Note: the multipart arg is incompatible with the data, json and files args.

There is also the older files API, but multipart should be preferred over it. To use it, pass a dict in the form {filename: filepath} (as many as you like) and asks will asyncronously get the file data, building a multipart-formatted HTTP body. You can also pass non-file paths if you wish to send arbitrary multipart body data sections.

async def send_file():
    r = await asks.post('http://httpbin.org/post',
                        files={'file_1': 'my_file.txt'})

# if we wanted to send both a file and some random data:
async def send_file_and_data():
    r = await asks.post('http://httpbin.org/post',
                        files={'file_1': 'my_file.txt',
                               'some_data': 'I am multipart hear me roar'})

Note: the files arg is incompatible with the data, json and multipart args.

Sending Cookies¶

Pass a dict of cookie name(key) / value pairs to the cookies arg to ship ‘em off.

async def example():
    r = await asks.get('www.example.com',
                       cookies={'Cookie Monster': 'Yum'})

Set Encoding¶

The default encoding is utf-8. You may override this by supplying a different encoding, be it a standard encoding or a custom one you’ve registered locally.

async def example():
    r = await asks.get('www.example.com', encoding='Latin-1')

Handy list of builtin encodings: https://gist.github.com/theelous3/7d6a3fe20a21966b809468fa336195e3

Limiting Redirects¶

You can limit the number of redirects by setting max_redirects. By default, the number of redirects is 20. asks will not redirect on HEAD requests.

async def example():
    r = await asks.get('www.httpbin.org/redirect/3', max_redirects=2)

Preventing Redirects¶

You can prevent asks from automatically following redirects by setting follow_redirects to False. By default, asks will automatically follow redirects until a non-redirect response or max_redirects are encountered.

async def example():
    r = await asks.get('www.httpbin.org/redirect/3', follow_redirects=False)

Set Timeout(s)¶

Don’t want to wait forever? Me neither. You may set a timeout with the timeout arg. This limits the time allotted for the request.

async def example():
    r = await asks.get('www.httpbin.org/redirect/3', timeout=1)

Note that the timeout arg does not account for the time required to actually establish the connection. That is controlled by a second timeout, the connection_timeout, which defaults to 60 seconds. It’s used in the exact same way as timeout. For reasoning, read this.

There is a third timeout available for StreamResponse.body iteration. See The Response Object

Retry limiting¶

You can set a maximum number of retries with retries. This defaults to 1, to catch sockets that die in the connection pool, or generally misbehave. There is no upper limit. Be careful :D

async def example():
    r = await asks.get('www.beat_dead_horses.org/neverworks', retries=9999999)

Authing¶

Available off the bat, we have HTTP basic auth and HTTP digest auth.

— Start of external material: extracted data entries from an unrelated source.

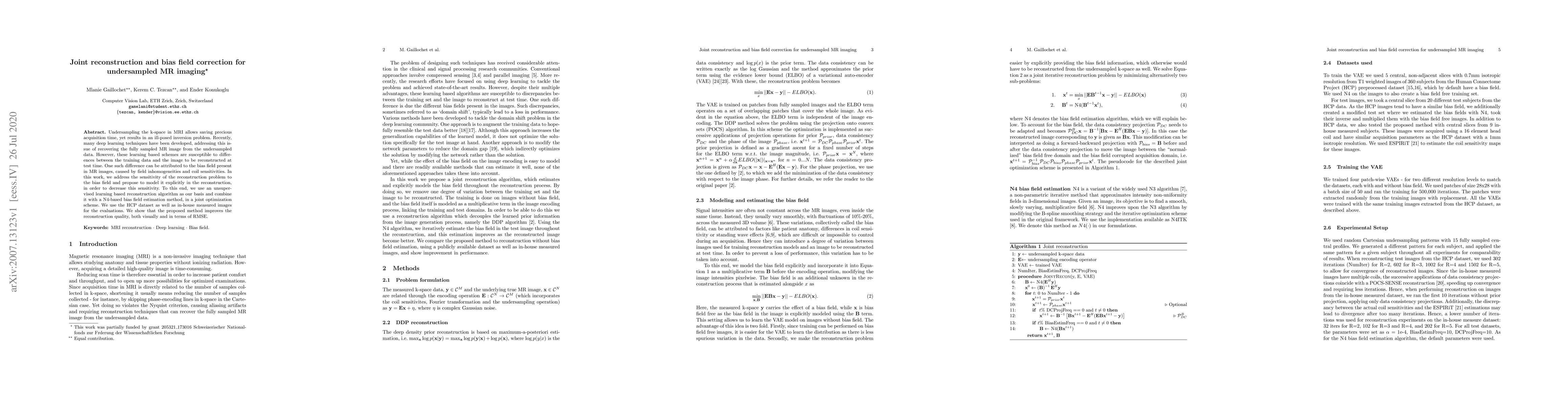 This research paper proposes a joint reconstruction method for undersampled MRI images that accounts for bias fields to improve image quality, using a combination of unsupervised learning and N4-based bias field estimation.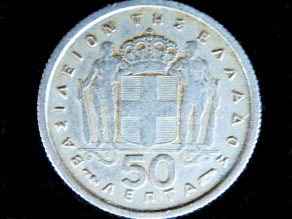 Greece was the only other country where I didn’t get a patch, so the royal coat of arms on a 50 lepta Greek coin (or half a drachma) that I still have will have to do. (It should be noted, though, that Greece no longer uses this coat of arms: the monarchy was deposed in 1973.) |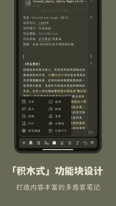 以不同用途的「功能性模块」作为卡片内容的基本单位进行科学组织,便于用户更细致地解构与重组信息,进而还原并保障知识的颗粒性。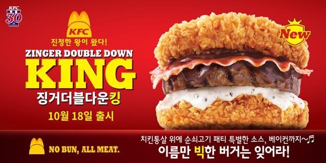 Si chiama Zinger Double Down King ed è il nuovo panino sul menù della catena di fast food Kentucky Fried Chicken (KFC). Come si vede dalla foto al posto del pane ci sono due spesse fette di pollo fritto. All’interno un tortino di manzo condito con pancetta, formaggio, salsa barbecue e maionese. Calorie? Parecchie: 750. E' stato lanciato il 18 ottobre in Corea del Sud, ma presto dovrebbe raggiungere anche gli USA, il Giappone, il Sud Africa e le Filippine. Come era facile immaginare, non è stato accolto benissimo. "Un crimine contro il cibo" scrive la versione USA dell'Huffington Post.

To add auth in asks, you pass a tuple of ('username', 'password') to the __init__ of an auth class. For example:

import asks
from asks import BasicAuth, DigestAuth

usr_pw = ('AzureDiamond', 'hunter2')

async def main():
    r = await asks.get('https://some_protected.resource',
                       auth=BasicAuth(usr_pw))
    r2 = await asks.get('https://other_protected.thingy',
                       auth=DigestAuth(usr_pw),
                       auth_off_domain=True)

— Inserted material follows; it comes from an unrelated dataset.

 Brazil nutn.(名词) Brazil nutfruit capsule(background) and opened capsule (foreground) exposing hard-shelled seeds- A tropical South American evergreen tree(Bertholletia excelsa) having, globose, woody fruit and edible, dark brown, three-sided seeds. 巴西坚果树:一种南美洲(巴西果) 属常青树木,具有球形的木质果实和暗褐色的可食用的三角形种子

Note: asks will not pass auth along to connections that switch from HTTP to HTTPS, or off domain locations, unless you pass auth_off_domain=True to the call.

Streaming response data¶

You can stream the body of a response by setting stream=True , and iterating the response object’s .body . An example of downloading a file:

import asks
import curio

async def main():
    r = await asks.get('http://httpbin.org/image/png', stream=True)
    async with curio.aopen('our_image.png', 'ab') as out_file:
        async for bytechunk in r.body:
            out_file.write(bytechunk)

curio.run(main())

It is important to note that if you do not iterate the .body to completion, bad things may happen as the connection sits there and isn’t returned to the connection pool. You can get around this by context-managering the .body if there is a chance you might not iterate fully.

import asks
import curio

async def main():
    r = await asks.get('http://httpbin.com/image/png', stream=True)
    async with curio.aopen('our_image.png', 'wb') as out_file:
        async with r.body: # Bam! Safe!
            async for bytechunk in r.body:
                await out_file.write(bytechunk)

curio.run(main())

This way, once you leave the async with block, asks will automatically ensure the underlying socket is handled properly. You may also call .body.close() to manually close the stream.

The streaming body can also be used for streaming feeds and stuff of twitter and the like.

For some examples of how to use this, look here

Callbacks¶

Similar enough to streaming as seen above, but happens during the processing of the response body, before the response object is returned. Overall probably worse to use than streaming in every case but I’m sure someone will find a use for it.

The callback argument lets you pass a function as a callback that will be run on each bytechunk of response body as the request is being processed.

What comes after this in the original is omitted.